SAMPLES_LOWER = list(samples_dict.keys())

rule all:
    input:
        expand('outdir_results/{sample_name}/{sample_name}_model.cif', sample_name=SAMPLES_LOWER)

rule datapipeline:
    input:
        lambda wildcards: samples_dict[wildcards.sample_name]['json_file']
    output:
        'outdir/{sample_name}/{sample_name}_data.json'
    threads: 8
    resources:
        mem_mb=4000,
        slurm_partition="common,dedicated",
        slurm_extra= "-q fast"
    shell:
        r"""
    module load alphafold/3.0.0
        alphafold3_runner.sh -o outdir --run_data_pipeline {input}
    """

rule inference:
    input:
        'outdir/{sample_name}/{sample_name}_data.json'
    output:
        'outdir_results/{sample_name}/{sample_name}_model.cif'
    params:
        models='models'
    threads: 1
    resources:
        mem_mb=80000,
        slurm_partition="gpu",
        slurm_extra= "-q gpu --gres=gpu:1 -t 120"
    shell:
        r"""
    module load alphafold/3.0.0
        alphafold3_runner.sh -m {params.models} -o outdir_results --run_inference {input}
    """

Now you can do:

Code Block (bash)

$ module load alphafold/3.0.0    # modify this version to the latest one
$ module load snakemake
$ snakemake --executor=slurm --slurm-requeue -j 8

It will look for all JSON files in the current directory and run the full pipeline for you.
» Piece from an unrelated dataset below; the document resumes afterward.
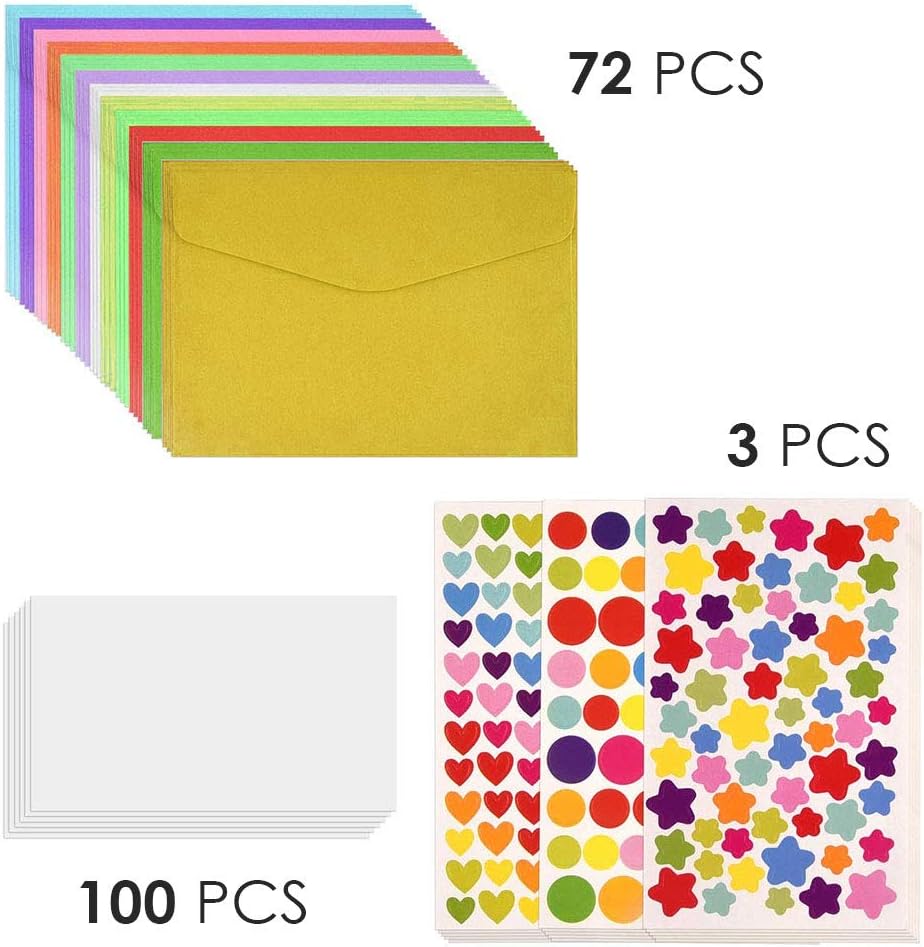 Set di buste --- Il pacchetto include mini buste da 72 pezzi, 100 carte bianche vuote e adesivi da 3 fogli. Totalmente 175 pezzi. Colori e quantità sufficienti per soddisfare le diverse esigenze. 12 Colori assortiti --- Compresi viola, bianco, viola chiaro, verde chiaro, pelle bovina, rosa, arancione, rosso, giallo chiaro, azzurro, verde, giallo. Vivace e vario per soddisfare le tue esigenze artigianali. Scrivi il tuo desiderio --- Puoi scrivere il miglior desiderio sulle buste. Personalizza le tue buste con parole speciali per esprimere i tuoi sentimenti in vari stili. Può essere utilizzato per unampia varietà di occasioni. Personalizza il tuo stile --- Le buste non vengono stampate, puoi personalizzarle con il tuo messaggio o disegno, le buste di carta possono essere dipinte, timbrate, inchiostrate, stampate e abbellite. Ampio utilizzo --- Dimensioni adatte per mini carte regalo, etichette regalo, auguri di compleanno, lettere e indovinelli, buone come forniture per le vacanze, Natale, Capodanno, San Valentino e così via.

The results will be located in the outdir_results directory, labeled by the name of each sample. You may need to adjust the value of the models parameter above. Do not forget executor=slurm. You should manually clean outdir_results/samplename between runs. If you do not, AF3 will start creating sub-folders with names like outdir_results/2pv7-<currentdatetime>. This will cause Snakemake to think that it failed, even in the case of successful folding.

BenchmarksBenchmarks#

Here are the execution times for several samples on an A100 GPU card:

Sample CPU data pipeline GPU inference
2PV7 (298 aa) 14m 2m
hellofold 33m 1m30
Q4J5ES (1380 aa) 28m 15m
multimer 268 aa // 193 aa 30m 2m

As you can see, the part that runs on the CPU is always longer than the GPU part, so it is highly recommended that they be run separately using the Snakemake template above. Note that the samples above are quite short, for longer ones you may need to wait longer. If you cannot fit into 2h, replace "fast" with "normal" in the Snakefile above.

Troubleshooting#

The data pipeline usually completes fine. For the inference step, you may get an out-of-memory error. The most common one is forgetting to specify RAM "–mem=80G". If the error message mentions "cuda", "jax" or "xla", it means that you need more VRAM on the GPU. You can request it with: "--gres=gpu:1,gmem:50G ". Please do not use this option for smaller multimers as we have only one server with 80GB of memory:

Code Block (bash)

(0)->srun -p gpu -q fast --gres=gpu:1,gmem:50G   hostname
maestro-3010

Final notes#

You may disregard all warnings mentioning "rocm", "tpu", " jax" and "cuda" versions, such as:

Code Block (plain)

Unable to initialize "rocm/tpu"

or

Code Block (plain)

The NVIDIA driver's CUDA version is 12.2 which is older than the PTX compiler version 12.6.77.

They do not influence the folding.

The code is fast evolving, and we will be updating it regularly.